WHAT NEEDS TO BE DONE »
Note on the material below: return exactly the lines from the line that holds "Sofistike siyah beyaz" through the line that holds "Lněné šaty volného", and leave out each picture.

INFORMATION GIVEN »
* * *
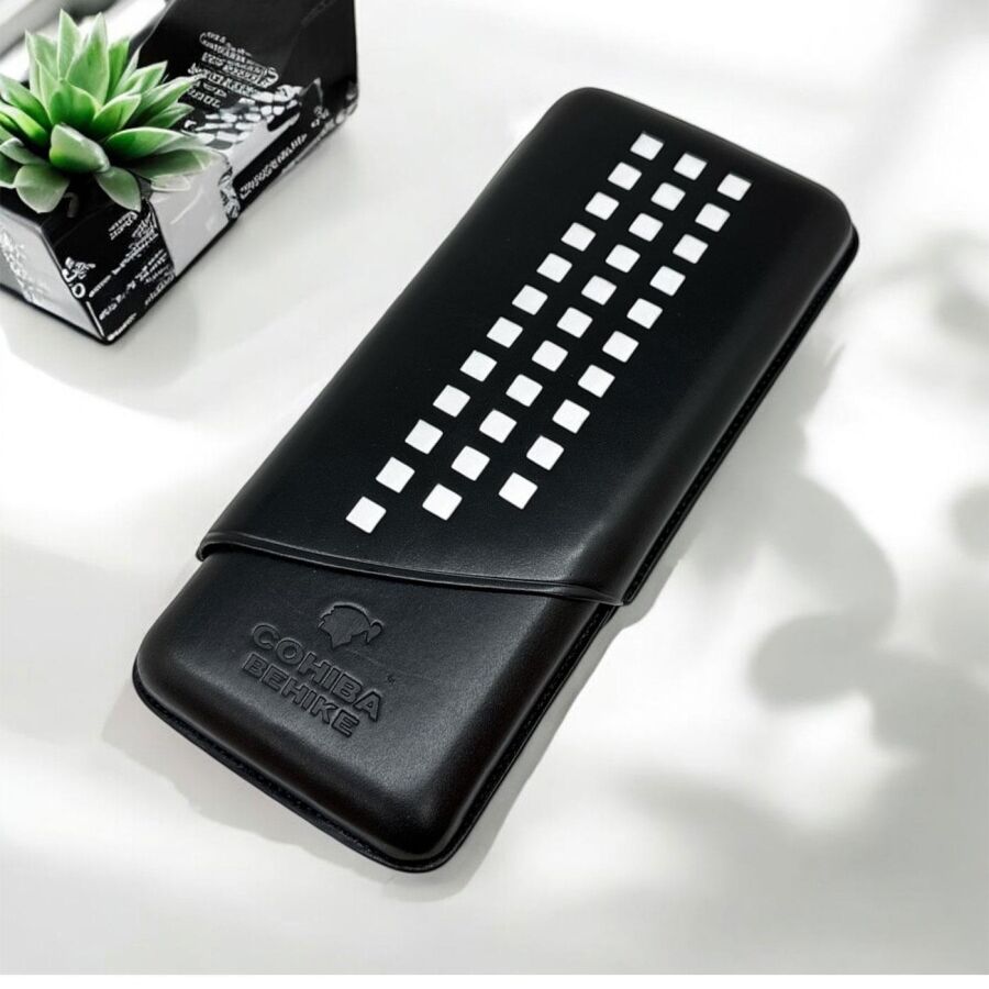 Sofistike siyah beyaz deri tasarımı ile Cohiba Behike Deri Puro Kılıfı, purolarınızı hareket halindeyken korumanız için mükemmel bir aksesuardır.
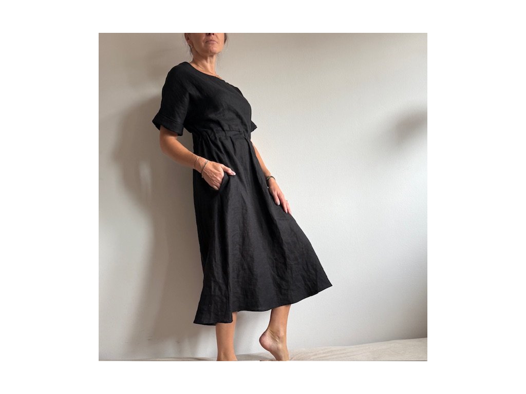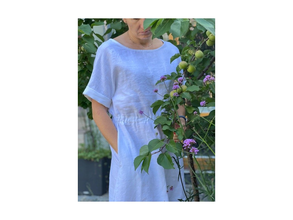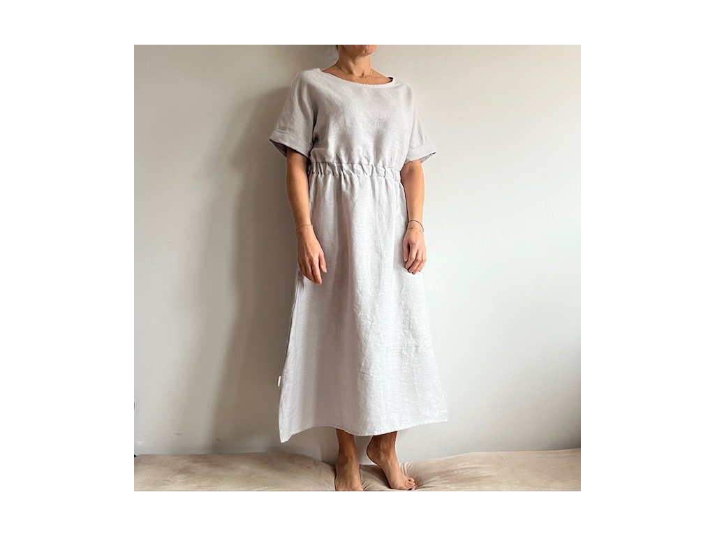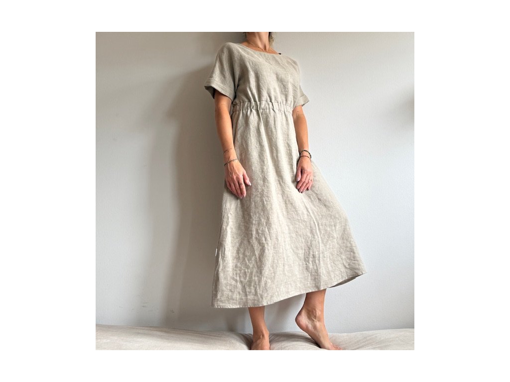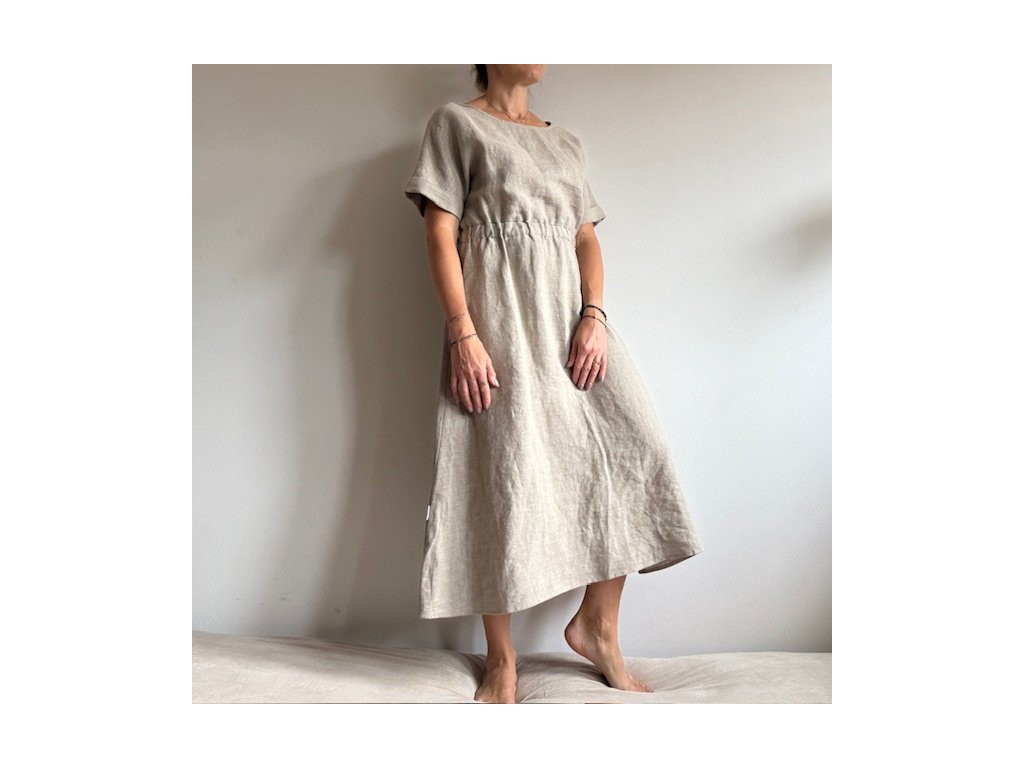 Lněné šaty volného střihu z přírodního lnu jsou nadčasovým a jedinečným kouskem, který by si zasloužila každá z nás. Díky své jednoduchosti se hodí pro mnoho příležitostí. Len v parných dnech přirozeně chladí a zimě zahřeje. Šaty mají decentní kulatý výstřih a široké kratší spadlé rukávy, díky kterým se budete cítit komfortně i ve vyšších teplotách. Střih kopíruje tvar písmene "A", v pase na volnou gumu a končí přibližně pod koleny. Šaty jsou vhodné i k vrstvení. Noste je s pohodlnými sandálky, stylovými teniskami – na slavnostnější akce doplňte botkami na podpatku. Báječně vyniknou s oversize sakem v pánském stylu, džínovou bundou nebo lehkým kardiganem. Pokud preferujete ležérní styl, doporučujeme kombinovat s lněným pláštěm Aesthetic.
* * *
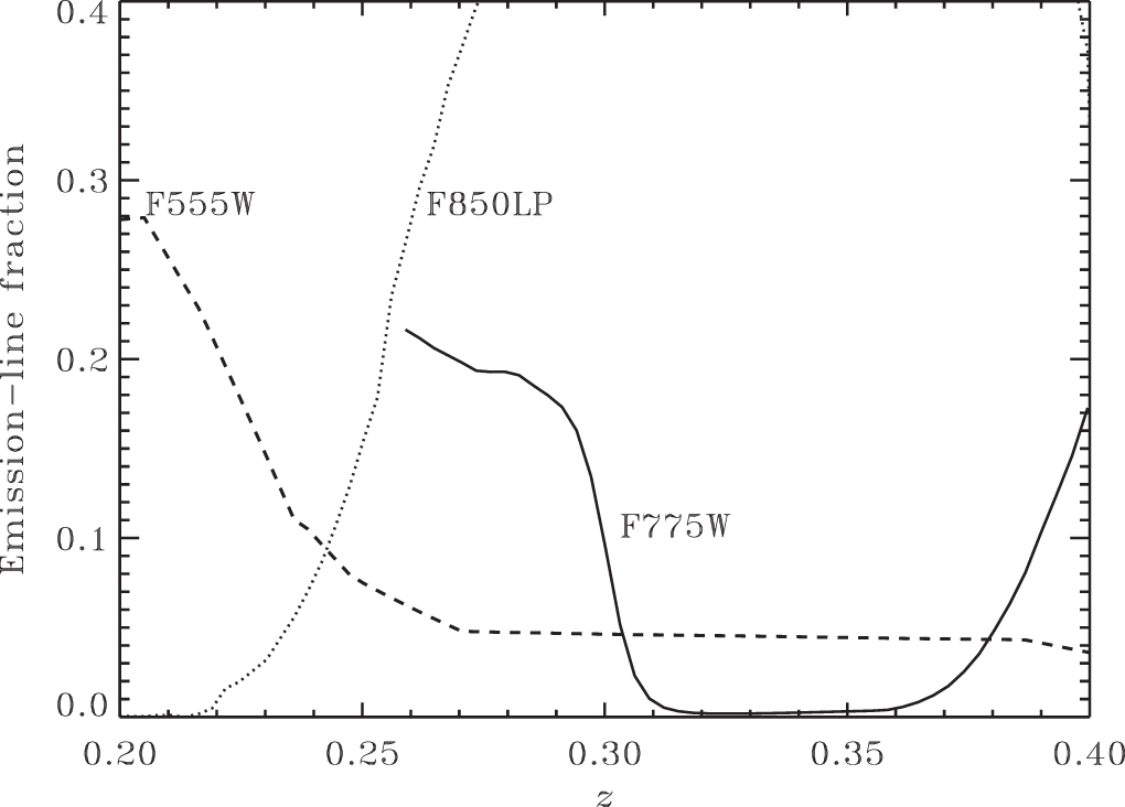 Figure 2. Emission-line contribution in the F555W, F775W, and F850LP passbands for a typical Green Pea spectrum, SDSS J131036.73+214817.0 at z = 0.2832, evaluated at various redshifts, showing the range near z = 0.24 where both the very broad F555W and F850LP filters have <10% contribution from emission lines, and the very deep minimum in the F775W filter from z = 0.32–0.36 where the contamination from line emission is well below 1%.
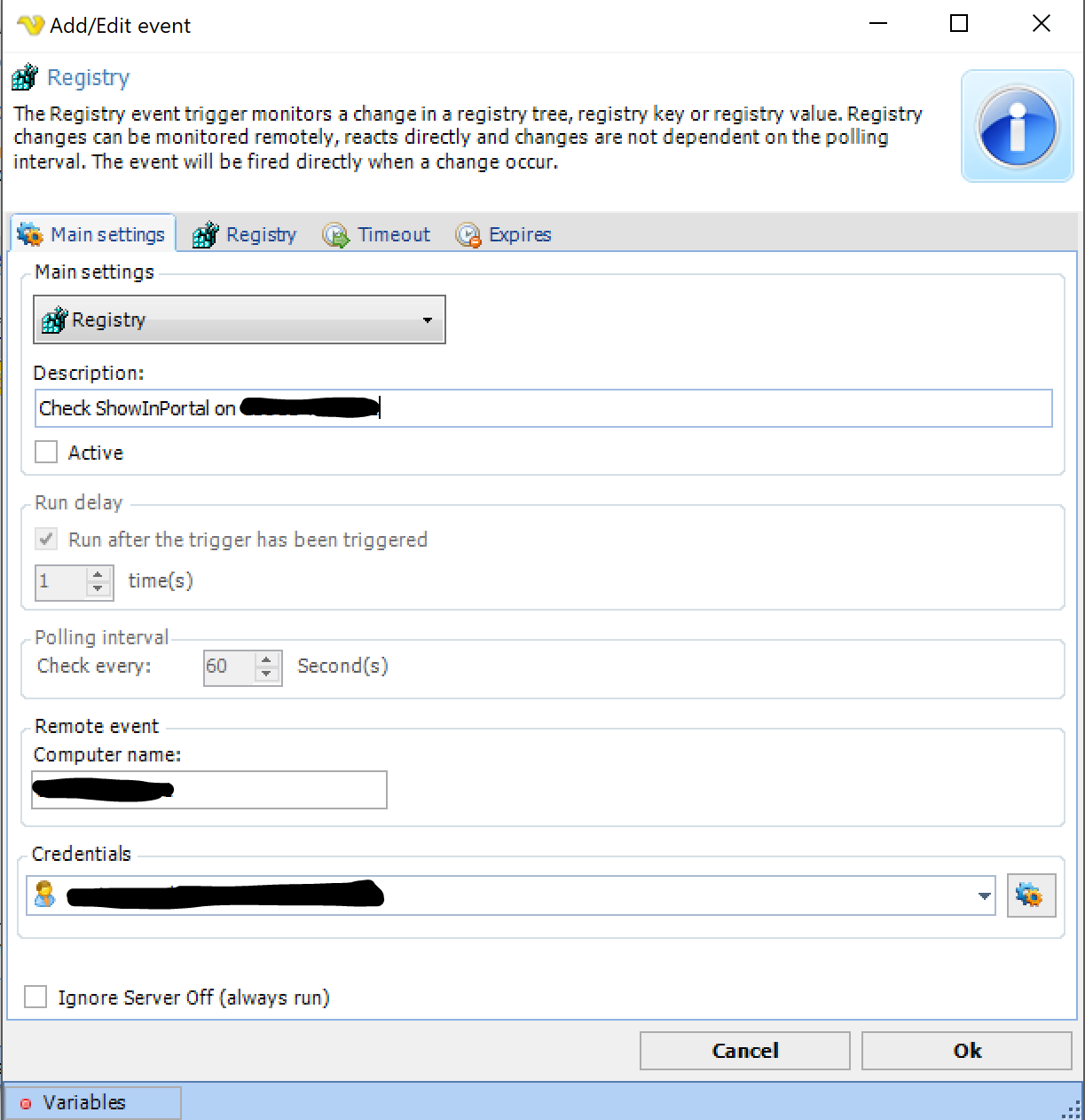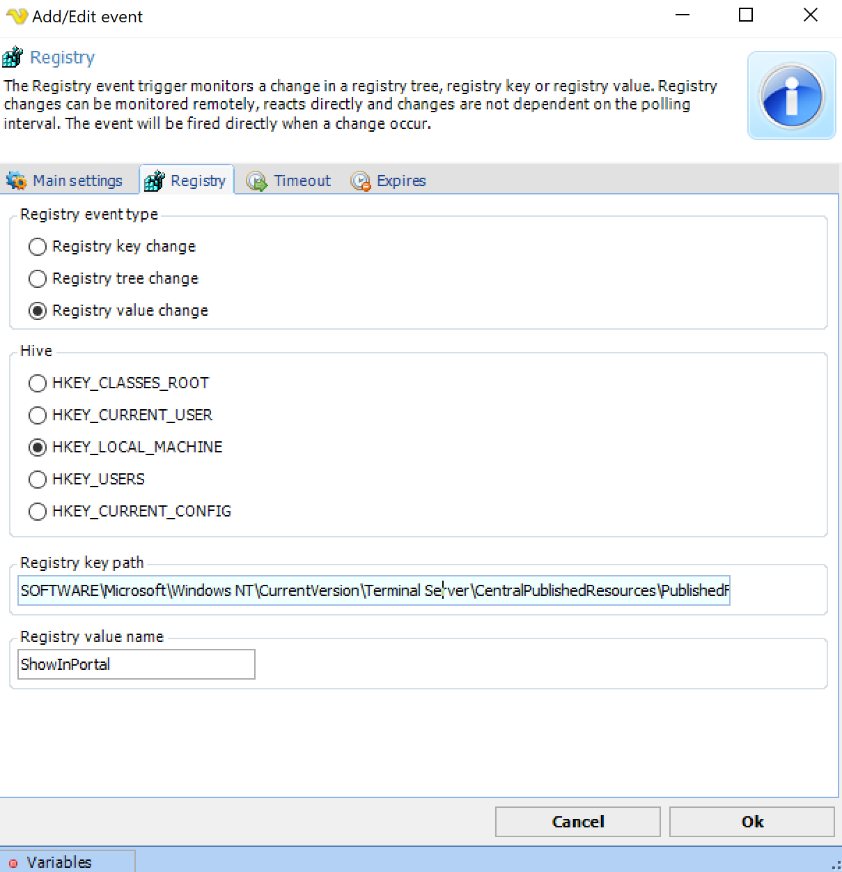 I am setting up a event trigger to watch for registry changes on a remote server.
* * *
SOLUTION FOR THIS TASK »
 Sofistike siyah beyaz deri tasarımı ile Cohiba Behike Deri Puro Kılıfı, purolarınızı hareket halindeyken korumanız için mükemmel bir aksesuardır.
 Lněné šaty volného střihu z přírodního lnu jsou nadčasovým a jedinečným kouskem, který by si zasloužila každá z nás. Díky své jednoduchosti se hodí pro mnoho příležitostí. Len v parných dnech přirozeně chladí a zimě zahřeje. Šaty mají decentní kulatý výstřih a široké kratší spadlé rukávy, díky kterým se budete cítit komfortně i ve vyšších teplotách. Střih kopíruje tvar písmene "A", v pase na volnou gumu a končí přibližně pod koleny. Šaty jsou vhodné i k vrstvení. Noste je s pohodlnými sandálky, stylovými teniskami – na slavnostnější akce doplňte botkami na podpatku. Báječně vyniknou s oversize sakem v pánském stylu, džínovou bundou nebo lehkým kardiganem. Pokud preferujete ležérní styl, doporučujeme kombinovat s lněným pláštěm Aesthetic.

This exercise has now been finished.